Jeff Kunde of Kunde Estate Vineyards, also in Sonoma County and a practitioner of sustainable growing, sees it as less of a hierarchy.

“What sustainable is about is not so much the end product. What sustainable is about is the environment around it: riparian corridors, watershed, soil, erosion, how we treat our people,” Kunde says. He describes sustainable farming with three basic criteria: Is it socially equitable? Is it environmentally sound? Is it economically feasible?

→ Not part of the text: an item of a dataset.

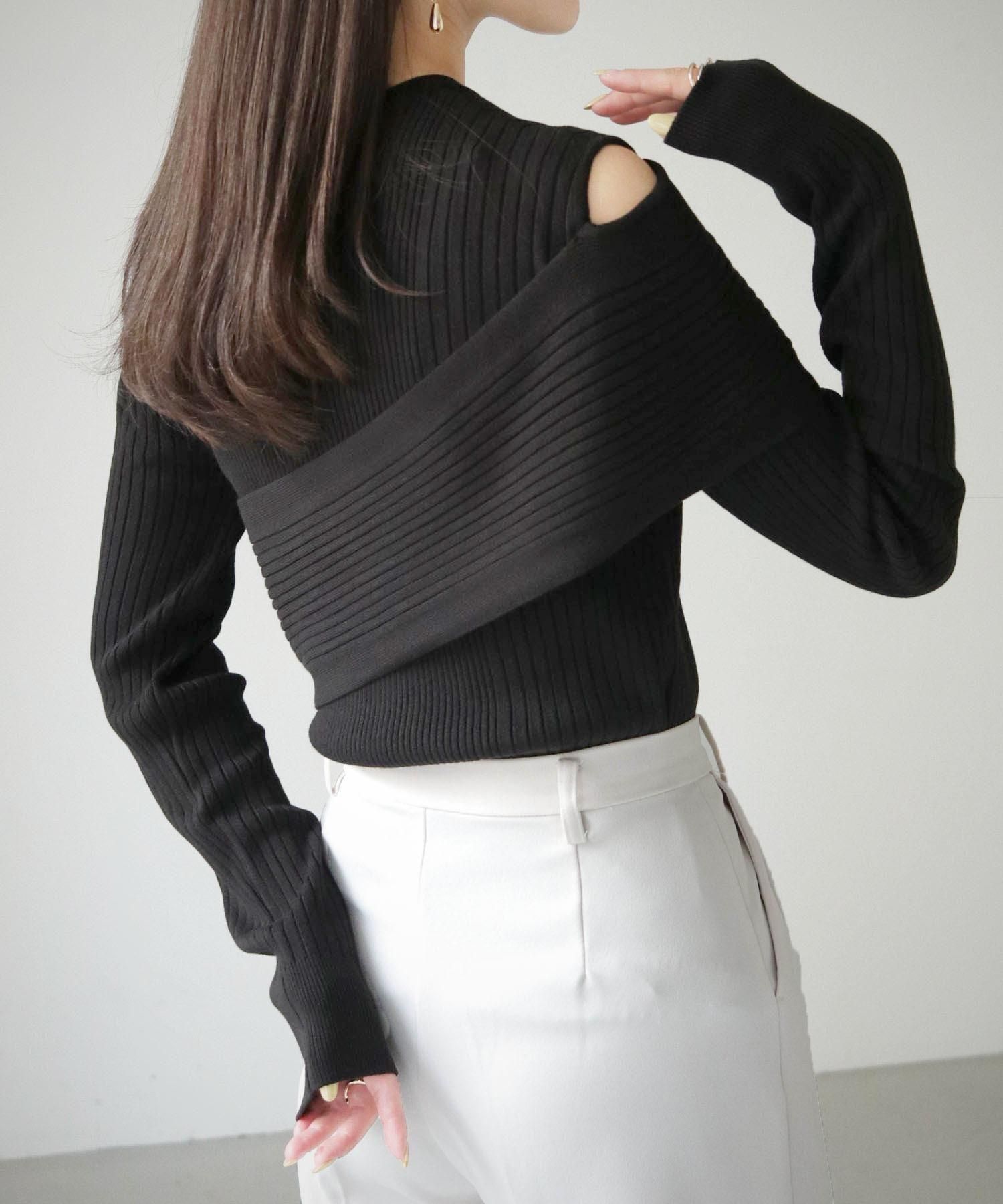 バックスリットのデザインが女性らしい印象を与えてくれるニット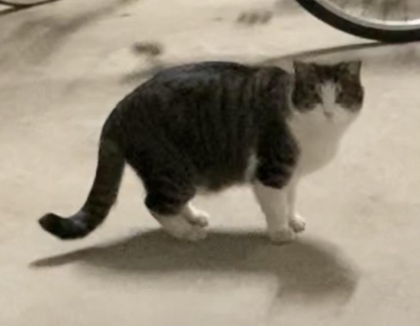 - 尾はシマシマです。オス、3歳くらいです。去勢済。綺麗なハチワレです。人馴れはしていません。

Kunde, whose sustainable practices won Gov. Schwarzeneggar’s Environmental and Economic Leadership Award in November, weighs the use of Roundup against having workers “tearing down the hillside” to control weeds. But the winery also uses cover crops, mustard seeds to aerate the soil, and owl boxes to attract natural predators to pests and educates local schoolchildren and visitors on sustainability.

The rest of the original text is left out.